ACTIVITY:
Using the data that follows, give again word for word the lines between the one holding "Appendix B –" and the one holding "在公卫楼学术报告厅召开新一轮", inclusive. Omit the pictures.

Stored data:
»»

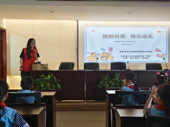 近年来,青少年心理健康问题成为了一项不可忽视的重要挑战。为了更多地关注青少年的心理健康,5月26日上午,威廉体育williamhill城南学院“青年有梦,薪火相传”宣讲团结合5月“全国学生心理健康宣传教育月”这个主题,联合暮云街道弘高社区,给西湖小学三8中队和二1中队的小朋友带去了一场“悦纳自我,快乐生活”的主题宣讲。
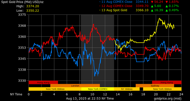 Trên thị trường vàng thế giới, giá vàng giao ngay chốt phiên hôm qua tại Mỹ tăng 7,4 USD lên mức 3.355,7 USD/ounce. Sang phiên châu Á sáng nay, giá vàng tiếp tục tăng 10,4 USD lên 3.366,1 USD/ounce.
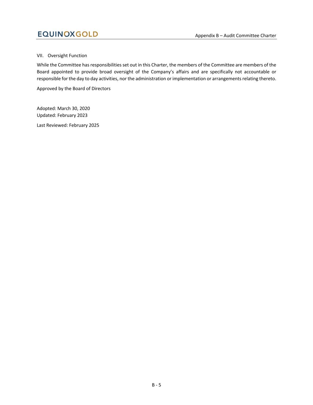Appendix B – Audit Committee Charter B - 5 VII. Oversight Function While the Committee has responsibilities set out in this Charter, the members of the Committee are members of the Board appointed to provide broad oversight of the Company’s affairs and are specifically not accountable or responsible for the day to day activities, nor the administration or implementation or arrangements relating thereto. Approved by the Board of Directors Adopted: March 30, 2020 Updated: February 2023 Last Reviewed: February 2025
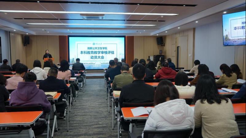 在公卫楼学术报告厅召开新一轮本科教育教学审核评估动员大会,全体院领导,各系(中心)全体教师、学院各办公室全体成员参加会议。会议由院长胡国清主持。
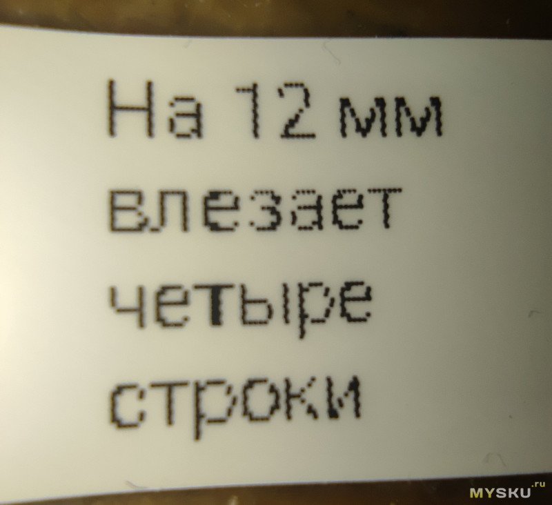 Принтер может печатать крошечным шрифтом, строками по 3мм. При этом пиксели видны, но текст чёткий и хорошо читаемый (левая часть фото, увы, немного не в фокусе — побочный эффект макросъёмки). Не то чтобы такой мелкий шрифт часто был нужен, но приятно, Brother поддерживал строки только по 6 мм.

««

WORKED SOLUTION:
Appendix B – Audit Committee Charter B - 5 VII. Oversight Function While the Committee has responsibilities set out in this Charter, the members of the Committee are members of the Board appointed to provide broad oversight of the Company’s affairs and are specifically not accountable or responsible for the day to day activities, nor the administration or implementation or arrangements relating thereto. Approved by the Board of Directors Adopted: March 30, 2020 Updated: February 2023 Last Reviewed: February 2025
 在公卫楼学术报告厅召开新一轮本科教育教学审核评估动员大会,全体院领导,各系(中心)全体教师、学院各办公室全体成员参加会议。会议由院长胡国清主持。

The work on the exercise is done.